### Exercise objective
Which lines come from the start of the listing through the line holding "为使从业导游人员及时更新知识"? Restate exactly those, both included, minus the pictures.

### Material supplied
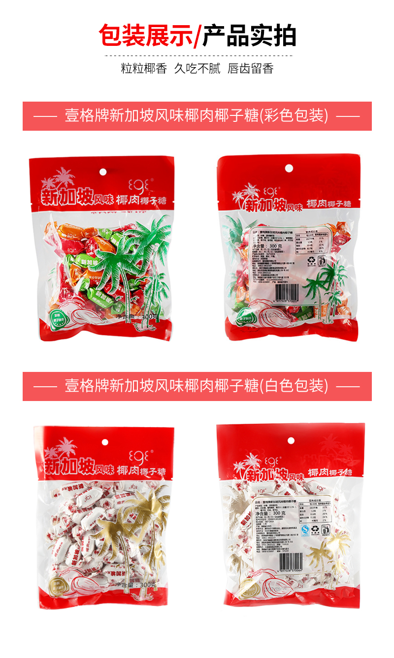 壹格牌-新加坡風(fēng)味椰肉椰子糖-300g/袋
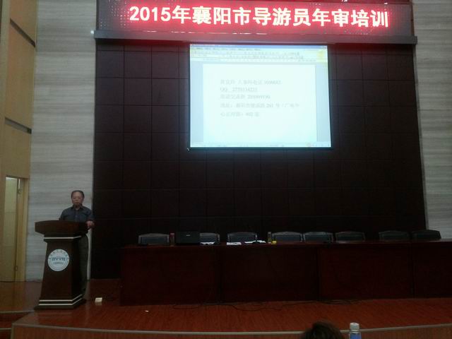 为使从业导游人员及时更新知识,掌握旅游发展新动态,襄阳市旅游局邀请旅游专家精心准备了四个专题讲座来对导游进行培训,包括文明旅游,引在导游;旅游常遇突发事件的处理程序与技能;建设汉江流域中心城市旅游业大有作为;“互联网+”给旅游业带来的机遇与挑战。培训专家以生动的案例及自身实践,由浅及深,风趣动人,收到了良好效果。
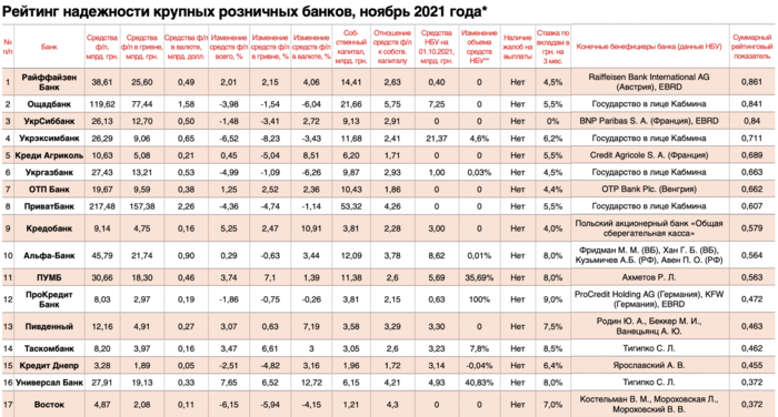 Для рейтинга использована отчетность банков на 01.10.2021, которая опубликована Нацбанком. В рейтинг крупных розничных банков вошли банки с активами свыше 15 млрд. грн. и депозитами физлиц более 1 млрд. грн. В рейтинг надежности средних и небольших розничных банков вошли банки с активами менее 15 млрд. грн. и портфелем депозитов физлиц свыше 1 млрд. грн.
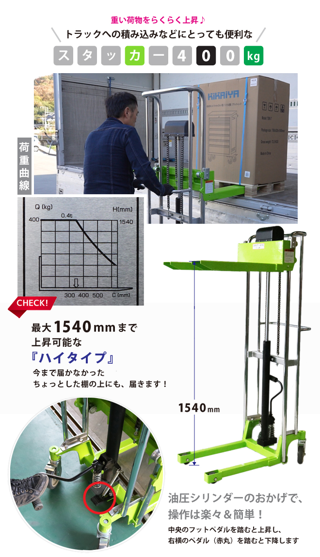 油圧シリンダーで重い荷物がラクに上昇・下降 最大1540mmまで上昇するハイタイプ! 1回の足踏みポンピング高さ約28mm
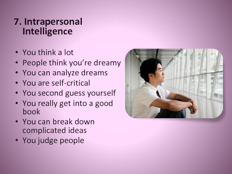 7. Intrapersonal IntelligenceYou think a lotPeople think you’re dreamyYou can analyze dreamsYou are self-criticalYou second guess yourselfYou
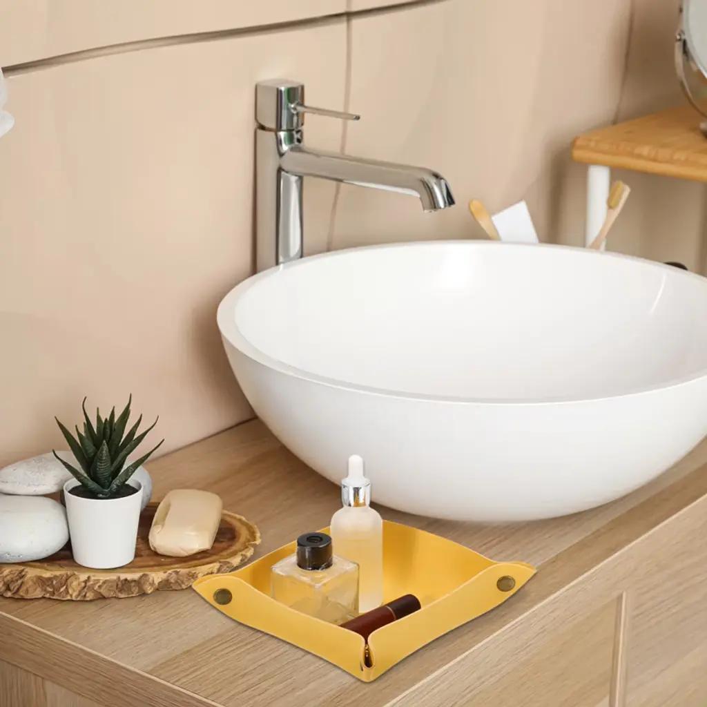 Button design makes the leather tray with bright snaps easy to assemble and won't open. You can fold it to pack it inside your case or bag when you do not need it. Portable and compact, place your items in the trays to keep them safe and secure. The trays can be stacked on top of each other for easy storage when not in use. These trays can be easily moved between many locations, such as from a nightstand to an entryway table. Wide application for various settings, including entry tables, bedside stands, entrance cabinets, countertops, and dressers. Great for organizing personal belongings and reducing clutter, including keys, watches, jewelry, earbuds, cell phones, coins, makeup, pens, and glasses. This catchall storage tray serves as a good decoration for rooms and makes a wonderful gift for graduations, anniversaries, birthdays, Thanksgiving, Christmas, White Elephant, and Valentine’s Day.
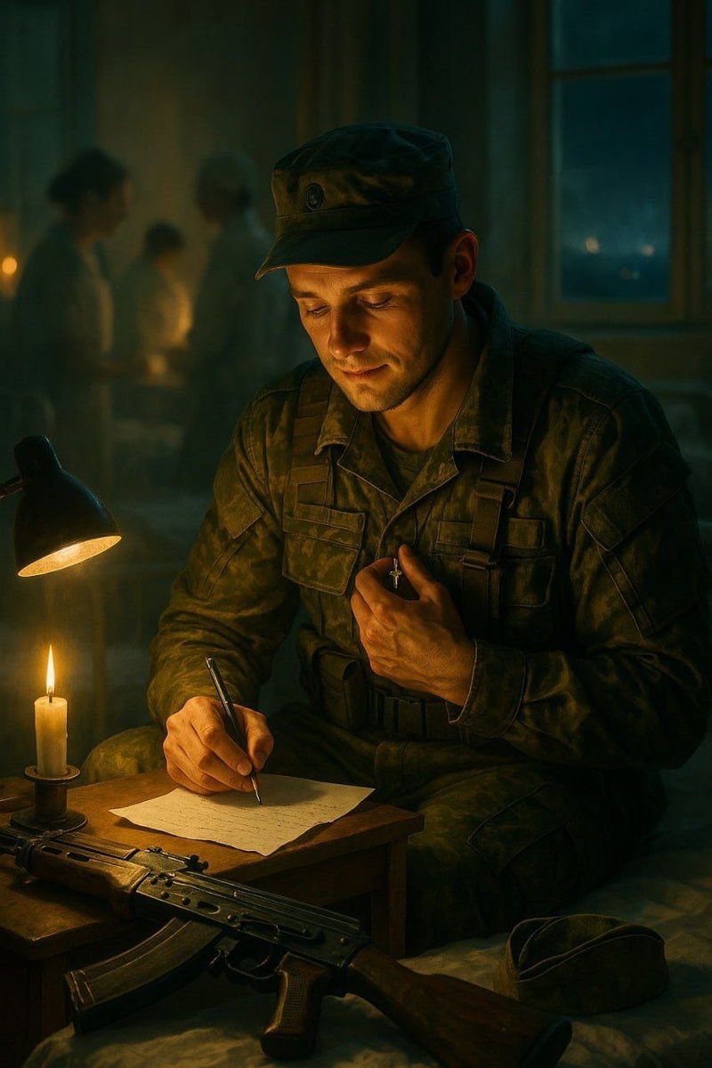 Под грохот бомб и звук орудий боец писал письмо жене, прижавшись к пулемёту крепко — все мысли там, на стороне. «Устал я сильно, нету сил, все силы, братцы, на исходе. Вчера была разведка боем, но мы справились в том походе. Не раз кого-то зацепило, кому-то ноги посекло, а я на мине подорвался — мне пол-ноги совсем снесло. Но я живой, и это важно, раны заживут, поверь, и я, окрепнув, снова встану, здоровым выйду за порог дверей. Сейчас я в госпиталь доставлен, врачи хорошие у нас. Вы только за меня молитесь Богу — Господь не оставляет нас. За нас молитесь, родные, Богу, Он нас не бросит никогда…» Закончил он писать то письмо, и слёзы потекли ручьём. Поцеловав нательный крестик, молитвы стал читать тайком: «Мы с Господом — мы всегда, хранимы Богом сквозь года, и Бог нас не оставит, не оставит никогда». 📖 Военный священник, протоиерей Евгений Бахматов #стих_сво 🌐 Vежливые и Zлые ✔️ 🤩 ЧАТ 📱 Дзен. Отблагодарить
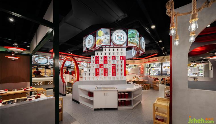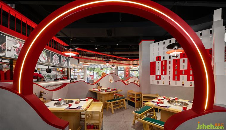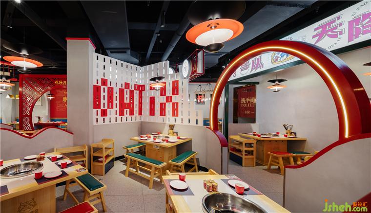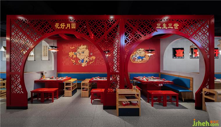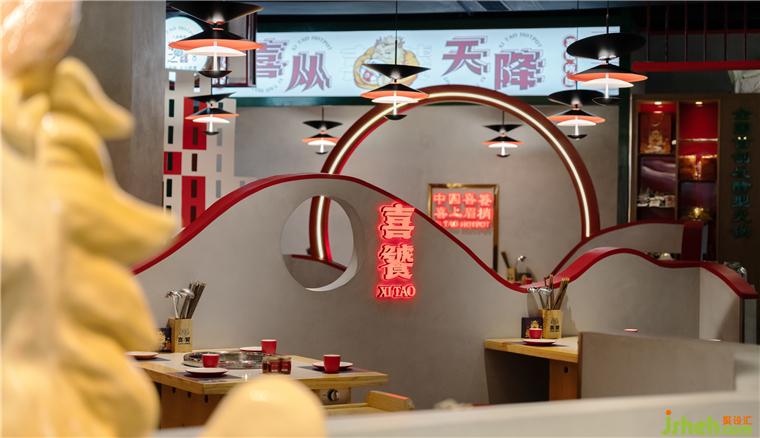 無論是視覺呈現(xiàn)上,還是實用便捷上,都有著無可比擬的競爭性,成都喜饕餐廳設計利用洞房花燭,喜從天降,久逢好友、金榜題名等大場景與火鍋用餐區(qū)相結合。

### Written response
 壹格牌-新加坡風(fēng)味椰肉椰子糖-300g/袋
 为使从业导游人员及时更新知识,掌握旅游发展新动态,襄阳市旅游局邀请旅游专家精心准备了四个专题讲座来对导游进行培训,包括文明旅游,引在导游;旅游常遇突发事件的处理程序与技能;建设汉江流域中心城市旅游业大有作为;“互联网+”给旅游业带来的机遇与挑战。培训专家以生动的案例及自身实践,由浅及深,风趣动人,收到了良好效果。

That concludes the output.